- Film poster
- Directed by: Apurva Dhar Badgaiyann
- Written by: Apurva Dhar Badgaiyann
- Produced by: Siddharth Anand Kumar Vikram Mehra
- Starring: Jitendra Kumar; Ritika Badiani; Bhuvan Arora; Dhirendra Tiwari; Alam Khan;
- Cinematography: Arkodeb Mukherjee
- Edited by: Ujjwal Chandra
- Music by: Songs: Anshuman Mukherjee Amit Pradhan Score: Mangesh Dhakde
- Production companies: Saregama India Yoodlee films
- Distributed by: Netflix
- Release date: 19 June 2020;
- Running time: 111 minutes
- Country: India
- Language: Hindi

= Chaman Bahaar =

2020 Hindi movie

Chaman Bahaar is a 2020 Indian Hindi-language drama film written and directed by Apurva Dhar Badgaiyann. The film is produced by Yoodlee Films, a production venture of Saregama India. It stars Jitendra Kumar and Ritika Badiani. The movie revolves around a small town panwalla who falls in love with a schoolgirl who lives opposite his shop before even meeting her. Chaman Bahaar released on Netflix on 19 June 2020
and is set in the town of Lormi in Indian state Chhattisgarh.

==Plot==
The film is set in the small town of Lormi in Chhattisgarh and follows Prem Kumar Yadav, commonly known as Billu, a young man who runs a paan shop called Chaman Bahaar. Billu had previously worked as a forest guard but left the job after a frightening encounter with a bear. He subsequently buys the paan shop from his friend Dinesh, expecting it to become a successful business. However, the shop initially receives very few customers after the district headquarters is moved from Lormi to Mungeli, diverting most of the traffic away from the road.

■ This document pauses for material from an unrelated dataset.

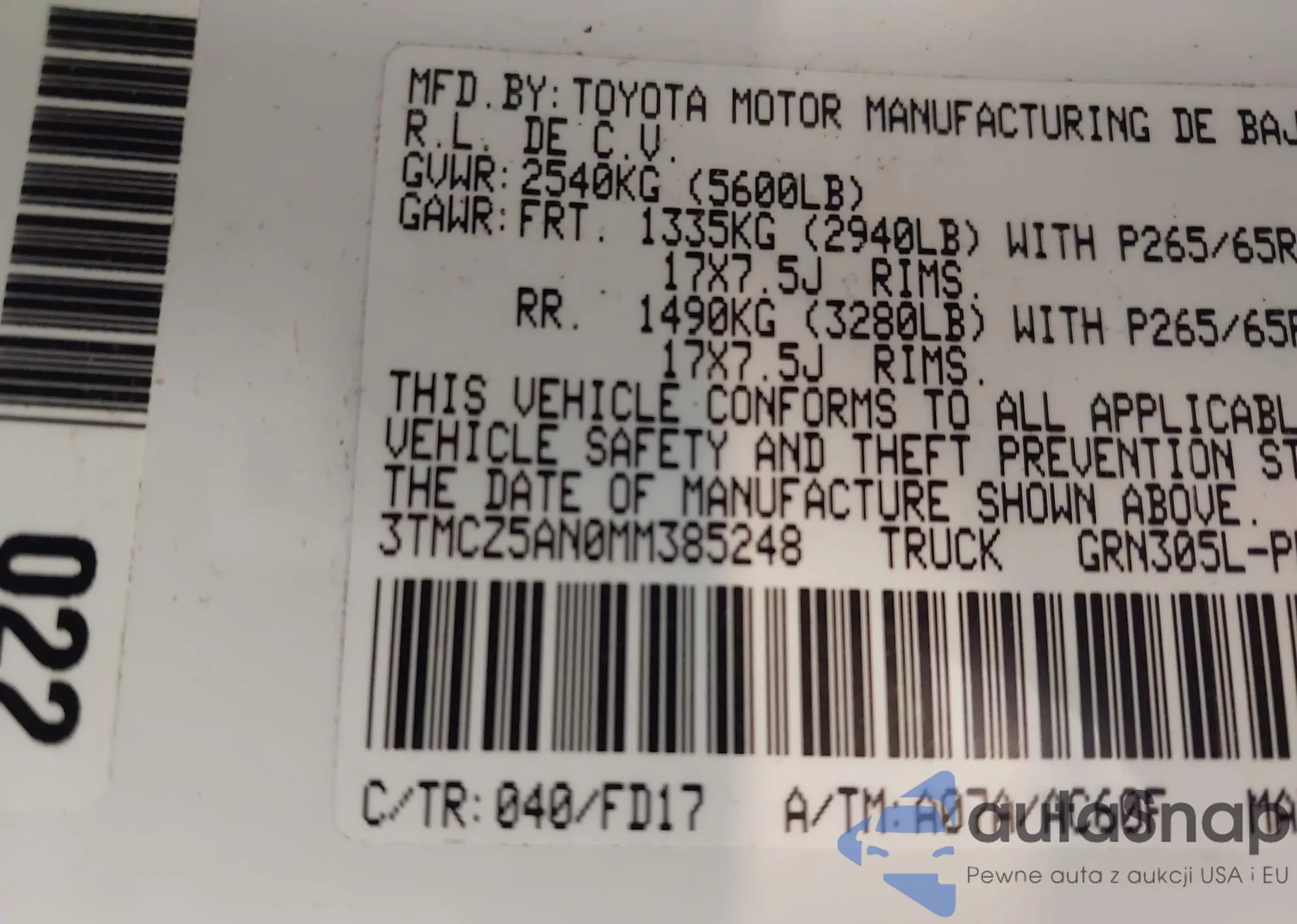 • VIN 3TMCZ5AN0MM385248

Billu's fortunes change when a government sub-engineer moves into a house directly opposite his shop with his family. His teenage daughter, Rinku, soon attracts the attention of numerous young men in the locality. The boys begin gathering outside Billu's shop to watch her whenever she leaves or returns home. Their presence turns the previously unsuccessful shop into a busy meeting place, causing Billu's business to prosper. Billu himself becomes infatuated with Rinku, despite never having spoken to her, and begins imagining that her ordinary gestures are signs of affection towards him.

As Rinku's presence attracts increasing attention, local youths and rival groups become involved. Somu and Chhotu, two young men who frequent Billu's shop, inform the local strongman Ashu about Rinku. Ashu subsequently establishes a carrom club at the shop, using it as a gathering place while keeping another local politician, Shiladitya "Shila" Tiwari, from interfering. Billu, meanwhile, becomes increasingly obsessed with Rinku and eventually decides to express his feelings by giving her a card.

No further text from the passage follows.